Due to the alternating representation of the trees used
in GEP, it becomes easier to define new genetic operators. However, it
would be hard to define subtree swapping (the usual crossover of GP)
based on exactly this representation. The obvious approach is to merge
both approaches by changing the tree representation. At least, this may
reduce the disruptive effect of usual GEP operators in later phases of
the search.
What’s the use of implementing a GP-like crossover in GEP besides a huge
headache? It’s not as if the efficiency of the tree-level crossover of
GP is commendable in evolutionary terms. Notwithstanding, in GEP, when
you use gene recombination together with gene transposition as the only
source of genetic modification you have basically a GP subtree crossover
as, in this case, only subtrees of different sizes and shapes are
exchanged. And compared to mutation (GEP mutation), they are far less
efficient at driving evolution further.
If I understand correctly, GEP crossover is done at a
certain point in the linear representation of the individual regardless
of its corresponding position in its tree-version (indeed, it could even
fall outside) and basically exchanges the "bottom part" of the programs.

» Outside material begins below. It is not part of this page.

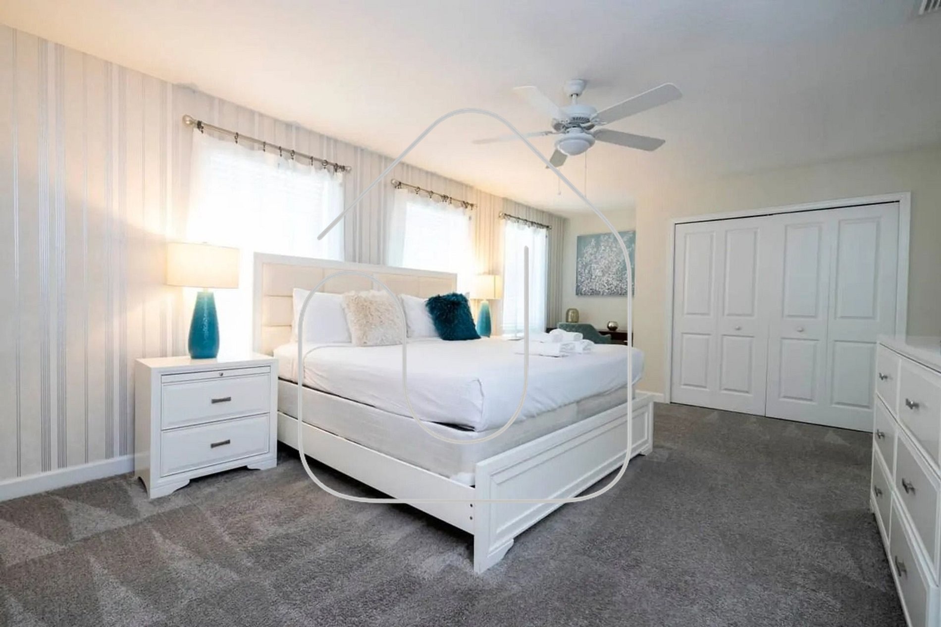 Guests have full access to the house, including all rooms, private pool, grill (for a fee), game room, and laundry. They also enjoy the amazing Storey Lake Resort amenities: pools, lazy river, gym, mini-golf, tiki bar, and more.

The children are, intuitively, very unlikely to inherit their parent's
characteristics. Again intuitively, wouldn't that be counterproductive?
It is a good way of maintaining diversity and exploring new regions of
the genospace, but doesn't seem to be too good at advancing a particular
"branch" of exploration.
Evolutionarily speaking, this is not counterproductive at all: if the
genetic operators available to the system are unable to disrupt the
genomes thoroughly once in a while, then the system will adapt poorly.

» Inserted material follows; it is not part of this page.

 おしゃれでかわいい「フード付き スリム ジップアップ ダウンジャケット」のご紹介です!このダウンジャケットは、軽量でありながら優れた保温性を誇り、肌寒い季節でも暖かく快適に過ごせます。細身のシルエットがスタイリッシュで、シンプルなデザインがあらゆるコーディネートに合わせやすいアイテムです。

Mathematically, the disruption of building blocks might seem
counterproductive but for evolutionary systems it is fundamental. The
best way to see this is through experimentation: If you still don't have
a functional GEP implementation, you can in the meantime observe this by
using the free Demo of GeneXproTools
by selecting different genetic operators and/or by selecting different
combinations and rates of the basic GEP operators.

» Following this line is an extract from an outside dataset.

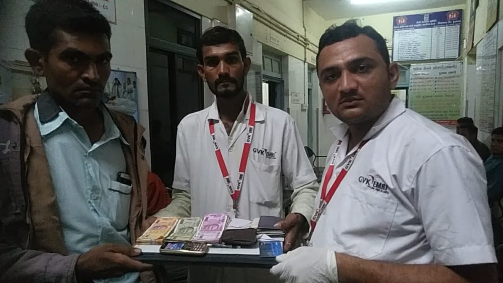 વિસાવદર 108 ના સ્ટાફ ની પ્રામાણિકતા કે જેઓએ મૃત્યુ પામેલ વ્યક્તિના સગાને બેલાખ ચાલીસ હજાર રોકડ તેમજ મોબાઈલ એ.ટી.એમ કાર્ડ તેમજ પાકીટ પરત કરેલ જયારે આ બનાવમાં વિસાવદર 108માં ફરજ બજાવતા L.M.T મનીષભાઈ તેમજ પાયલોટ ચંદ્રકાંતભાઈ ઠાકરને ફોન આવે કે વિસાવદરના રાવણી કુબા ગામે વાડીમાં વિઠ્ઠલભાઈ ભોવન ભાઈ જાટકીયા હુમલો આવેલ છે તે સમાચારમળતા જ વિસાવદર 108 સ્થળ પર પહોંચી હતી ત્યાં વિઠ્ઠલભાઈની હાલત ગંભીર જણાતા તેને પ્રાથમિક સારવાર આપી અને વિઠ્ઠલભાઇને 108 દ્વારા વિસાવદર સરકારી હોસ્પિટલ ખાતે સારવાર માટે લાવવામા આવી રહ્યા હતા ત્યારે તેને પ્રાણઘાતક એટેક આવતા તેમનું રસ્તામાં મોત થયું હતું જ્યારે તેની પાસે રહેલ રૂપિયા બે લાખ ચાલીસ હજાર તેમજ મોબાઈલ એટીએમ કાર્ડ અને એક પાકીટ જેમા વિઠ્ઠલભાઈના સગા-સંબંધીના નંબર હોય તે ખરાઇ કરી તેના જેના સગાને તે પરત કરી પ્રમાણિકતાનું ઉદાહરણ આપ્યું હતું.
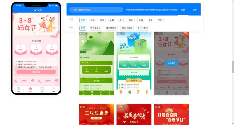 第二步,注册登录后,系统会自动跳转至活动后台,在【模板中心】,可以看到丰富的模板样式,选择合适的一键套用。

But returning to the wrongly assumed “disruptiveness” of GEP crossover.
First of all, there are three different types of GEP crossover
(one-point, two-point, and gene recombination) and they behave
differently. For one-point and two-point recombination, the disruptive
tendencies (splitting of building blocks) coexist side by side with
their more conservative tendencies (swapping of genes and entire ORFs),
making these operators quite well balanced. Gene recombination, though,
is much more conservative (and less disruptive, of course) as it
exchanges only entire genes, which, as you know, encode mathematically
concise building blocks (you can think of them as the equivalent of GP
subtrees and by using gene recombination together with gene
transposition you can easily simulate GP crossover in GEP).
Your "fixed length" representation brings up an
interesting question, which tickles GP people for a long time: the
validity of the schemata theorem. Did you ever think about this? I have
a little bit the impression that your representation may make it easier
to identify schemata, and model the ways they are either disrupted or
preserved. But let me know if I am wrong!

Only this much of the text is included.